Helen pulled the older boys’ plates from the oven while they cleaned up, and she kept one eye on the clock above the table as they attacked their breakfasts. They were swallowing their last bites when the rumble of the school bus could be heard as it made its way down Glen Road. Brian, Mart, and Trixie grabbed their books, kissed their mother and brother, and ran out the door and down the drive to meet it. Helen watched them until they were out of sight, then closed the door and began to clear the table.

“Helen, sweetie, let me wash the dishes for you. I’ll clean up the kitchen while you get started on the laundry.” Alicia was already filling the sink with hot sudsy water, and she took the stack of plates from Helen and submerged them in it. “You have enough work to do.”

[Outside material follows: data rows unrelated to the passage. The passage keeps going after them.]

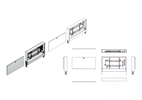 Die Anschlussstation für Heizkörperanbindungen ist im Aufputzschrank montiert und umfasst einen Edelstahlverteiler ohne zusätzliche Einbauten im Heizkreis, sowie eine vertikale Anschlussgarnitur mit Wärmezählerverrohrung. Zusätzlich sind Wasserzählereinbaustrecken für Trinkwasser kalt und warm vorhanden.
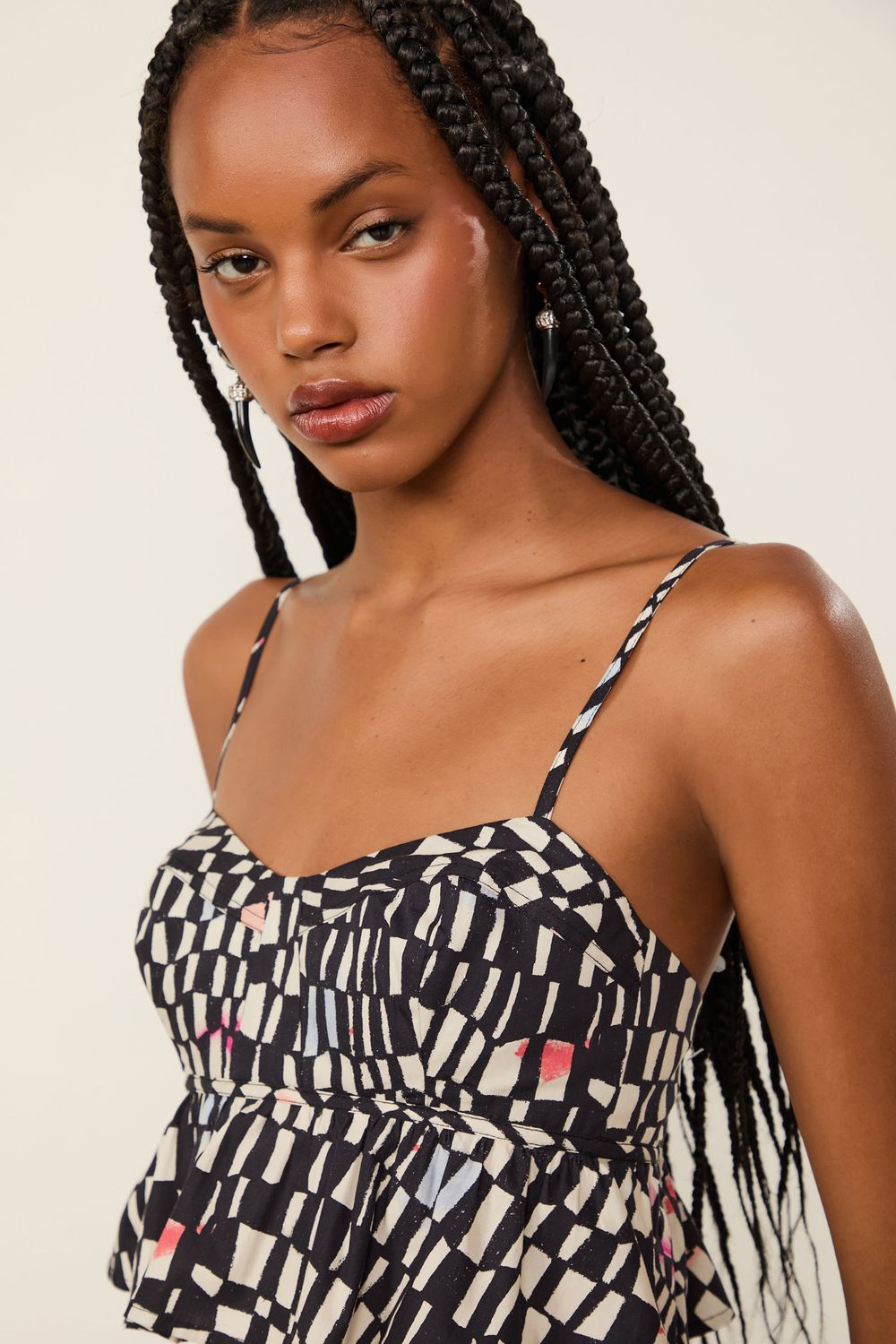 O Top Estampado possui decote coração, alças reguláveis, elástico nas costas e barra peplum. Uma proposta feminina e moderna.
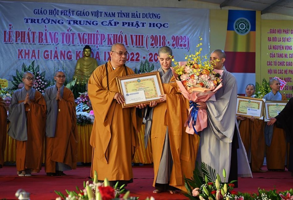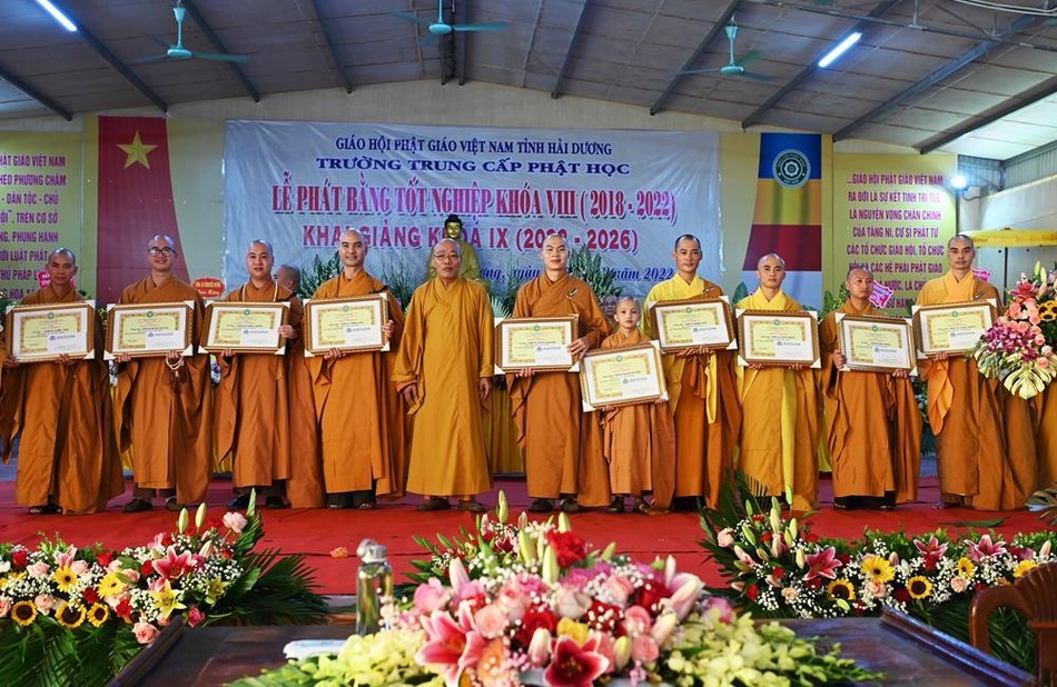 GNO - Sáng 23-9, tại chùa Đống Cao (TP.Hải Dương), Ban Giám hiệu Trường Trung cấp Phật học tỉnh Hải Dương đã long trọng tổ chức lễ phát bằng tốt nghiệp khóa VIII (2018-2022) và khai giảng năm học mới - khóa IX (2022-2026).
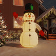 This inflatable snowman is definitely a great choice if you're looking for an impressive decoration for your house or yard at Christmas time. Practical material: Made of Oxford fabric with a PU coating, this Xmas decoration is weather-resistant and easy to clean.Built-in LED lights: The inflatable snowman features LED lights built inside, which enhance the festive atmosphere and make your house stand out.Quick inflation and deflation: The blow up decoration has a built-in fan and can be easily inflated in minutes. Unplug the adapter, and the holiday decoration automatically deflates for easy storage. Note:Each product comes with an assembly manual in the box for easy assembly.

“If you insist, Alicia. But I hate to put you to work – you’re my guest!” Helen was embarrassed even as she felt gratitude for her sister’s help.

“Nonsense. I’m family.” Alicia plucked the dishcloth from Helen’s hands and turned toward the sink. Helen went back to her room to dress in the casual wrap skirt, pullover top, and slip-on canvas shoes she wore for everyday chores at home. Glancing in the mirror, she again ran her fingers through her blonde curls. I’ll never look as polished as Alicia does, she thought.

Sighing, Helen started toward the clothes hamper in the big bathroom upstairs, Bobby at her heels. She separated the clothes, and studied them for a moment to see which pile was the biggest. Deciding that although there was not quite as large a load of jeans as of whites, the jeans would take longer to dry, she made her way back to the washer, craning her neck to see over the pile of clothes. Before placing each item into the machine, she checked every pocket. You never know what these boys are going to have in their pockets, she thought. Trixie, too. A small pile began to accumulate on top of the dryer as she took two pencil stubs, a protractor, and an ink pen from Brian’s pockets; a couple of throat lozenges still in their foil wrappers, a notepad, and another pen from Mart’s, and a skate key, a chewed piece of bubblegum wadded into its waxed wrapper, and a tube of lip balm from Trixie’s. Lastly, she gingerly picked up a pair of Bobby’s overalls. Once he had concealed a small frog in the bib pocket and forgotten about it. When Helen pulled it out – quite dead – she screamed and her skin crawled; it was the next day before she felt that she had gotten the feel of the frog off of her hands.

Carefully, she shook the overalls out. Two crumbled chocolate chip cookies, a penny, a treasure map drawn by Mart, a smooth rock, and a handful of dried-up white clover with the stems on, fell onto the floor. This was par for the course. A second pair of overalls yielded a Matchbox car, several plastic soldiers, and a red crayon. Nothing really terrible yet! The last pair of overalls in this load seemed to be empty at first, and then a small rubber ball bounced onto the floor. Not quite ready to give up, she gave the garment a final shake, and a clump of what she at first took to be roots fell out. Looking more closely, she realized that the clump was a mass of now-dead earthworms.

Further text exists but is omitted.